Task goal: Your output should be the listing itself, repeated exactly.
· · ·
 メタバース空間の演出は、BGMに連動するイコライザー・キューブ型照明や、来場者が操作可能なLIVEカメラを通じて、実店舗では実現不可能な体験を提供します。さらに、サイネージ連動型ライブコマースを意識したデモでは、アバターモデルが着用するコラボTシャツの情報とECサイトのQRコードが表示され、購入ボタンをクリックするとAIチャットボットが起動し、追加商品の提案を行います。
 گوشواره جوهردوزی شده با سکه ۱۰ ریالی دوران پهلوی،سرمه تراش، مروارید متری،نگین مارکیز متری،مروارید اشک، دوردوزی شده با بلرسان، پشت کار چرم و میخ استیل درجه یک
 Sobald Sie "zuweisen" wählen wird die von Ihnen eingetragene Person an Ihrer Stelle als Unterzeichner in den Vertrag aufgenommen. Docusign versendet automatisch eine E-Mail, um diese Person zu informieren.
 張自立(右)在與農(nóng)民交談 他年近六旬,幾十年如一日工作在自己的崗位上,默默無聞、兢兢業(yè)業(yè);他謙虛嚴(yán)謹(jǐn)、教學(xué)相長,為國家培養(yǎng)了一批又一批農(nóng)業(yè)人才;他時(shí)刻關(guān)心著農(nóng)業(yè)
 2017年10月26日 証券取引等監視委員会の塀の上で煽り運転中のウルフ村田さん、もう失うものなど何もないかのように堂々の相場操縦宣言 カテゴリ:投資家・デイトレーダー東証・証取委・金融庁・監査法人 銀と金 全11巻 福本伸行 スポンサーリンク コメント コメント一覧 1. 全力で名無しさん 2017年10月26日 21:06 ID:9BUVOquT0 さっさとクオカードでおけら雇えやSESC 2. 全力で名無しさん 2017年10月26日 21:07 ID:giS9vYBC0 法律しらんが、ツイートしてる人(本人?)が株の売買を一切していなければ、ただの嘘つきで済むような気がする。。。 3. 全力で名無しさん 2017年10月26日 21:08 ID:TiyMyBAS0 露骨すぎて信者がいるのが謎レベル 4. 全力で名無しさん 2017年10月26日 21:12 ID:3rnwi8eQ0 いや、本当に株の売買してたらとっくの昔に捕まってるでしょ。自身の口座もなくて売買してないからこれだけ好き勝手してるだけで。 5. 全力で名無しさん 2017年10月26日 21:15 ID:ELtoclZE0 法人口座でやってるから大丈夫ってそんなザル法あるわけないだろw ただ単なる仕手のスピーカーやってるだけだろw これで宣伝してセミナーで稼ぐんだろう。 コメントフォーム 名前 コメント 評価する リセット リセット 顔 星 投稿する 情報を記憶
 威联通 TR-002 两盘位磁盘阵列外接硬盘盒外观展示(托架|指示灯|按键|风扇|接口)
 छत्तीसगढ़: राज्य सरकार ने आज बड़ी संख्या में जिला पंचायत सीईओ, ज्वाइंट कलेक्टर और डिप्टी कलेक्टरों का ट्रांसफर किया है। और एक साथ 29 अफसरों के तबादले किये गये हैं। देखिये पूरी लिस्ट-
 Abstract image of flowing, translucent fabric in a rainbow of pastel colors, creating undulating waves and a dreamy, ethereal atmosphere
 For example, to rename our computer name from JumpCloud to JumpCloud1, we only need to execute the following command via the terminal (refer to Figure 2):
· · ·
Answer below:
 メタバース空間の演出は、BGMに連動するイコライザー・キューブ型照明や、来場者が操作可能なLIVEカメラを通じて、実店舗では実現不可能な体験を提供します。さらに、サイネージ連動型ライブコマースを意識したデモでは、アバターモデルが着用するコラボTシャツの情報とECサイトのQRコードが表示され、購入ボタンをクリックするとAIチャットボットが起動し、追加商品の提案を行います。
 گوشواره جوهردوزی شده با سکه ۱۰ ریالی دوران پهلوی،سرمه تراش، مروارید متری،نگین مارکیز متری،مروارید اشک، دوردوزی شده با بلرسان، پشت کار چرم و میخ استیل درجه یک
 Sobald Sie "zuweisen" wählen wird die von Ihnen eingetragene Person an Ihrer Stelle als Unterzeichner in den Vertrag aufgenommen. Docusign versendet automatisch eine E-Mail, um diese Person zu informieren.
 張自立(右)在與農(nóng)民交談 他年近六旬,幾十年如一日工作在自己的崗位上,默默無聞、兢兢業(yè)業(yè);他謙虛嚴(yán)謹(jǐn)、教學(xué)相長,為國家培養(yǎng)了一批又一批農(nóng)業(yè)人才;他時(shí)刻關(guān)心著農(nóng)業(yè)
 2017年10月26日 証券取引等監視委員会の塀の上で煽り運転中のウルフ村田さん、もう失うものなど何もないかのように堂々の相場操縦宣言 カテゴリ:投資家・デイトレーダー東証・証取委・金融庁・監査法人 銀と金 全11巻 福本伸行 スポンサーリンク コメント コメント一覧 1. 全力で名無しさん 2017年10月26日 21:06 ID:9BUVOquT0 さっさとクオカードでおけら雇えやSESC 2. 全力で名無しさん 2017年10月26日 21:07 ID:giS9vYBC0 法律しらんが、ツイートしてる人(本人?)が株の売買を一切していなければ、ただの嘘つきで済むような気がする。。。 3. 全力で名無しさん 2017年10月26日 21:08 ID:TiyMyBAS0 露骨すぎて信者がいるのが謎レベル 4. 全力で名無しさん 2017年10月26日 21:12 ID:3rnwi8eQ0 いや、本当に株の売買してたらとっくの昔に捕まってるでしょ。自身の口座もなくて売買してないからこれだけ好き勝手してるだけで。 5. 全力で名無しさん 2017年10月26日 21:15 ID:ELtoclZE0 法人口座でやってるから大丈夫ってそんなザル法あるわけないだろw ただ単なる仕手のスピーカーやってるだけだろw これで宣伝してセミナーで稼ぐんだろう。 コメントフォーム 名前 コメント 評価する リセット リセット 顔 星 投稿する 情報を記憶
 威联通 TR-002 两盘位磁盘阵列外接硬盘盒外观展示(托架|指示灯|按键|风扇|接口)
 छत्तीसगढ़: राज्य सरकार ने आज बड़ी संख्या में जिला पंचायत सीईओ, ज्वाइंट कलेक्टर और डिप्टी कलेक्टरों का ट्रांसफर किया है। और एक साथ 29 अफसरों के तबादले किये गये हैं। देखिये पूरी लिस्ट-
 Abstract image of flowing, translucent fabric in a rainbow of pastel colors, creating undulating waves and a dreamy, ethereal atmosphere
 For example, to rename our computer name from JumpCloud to JumpCloud1, we only need to execute the following command via the terminal (refer to Figure 2):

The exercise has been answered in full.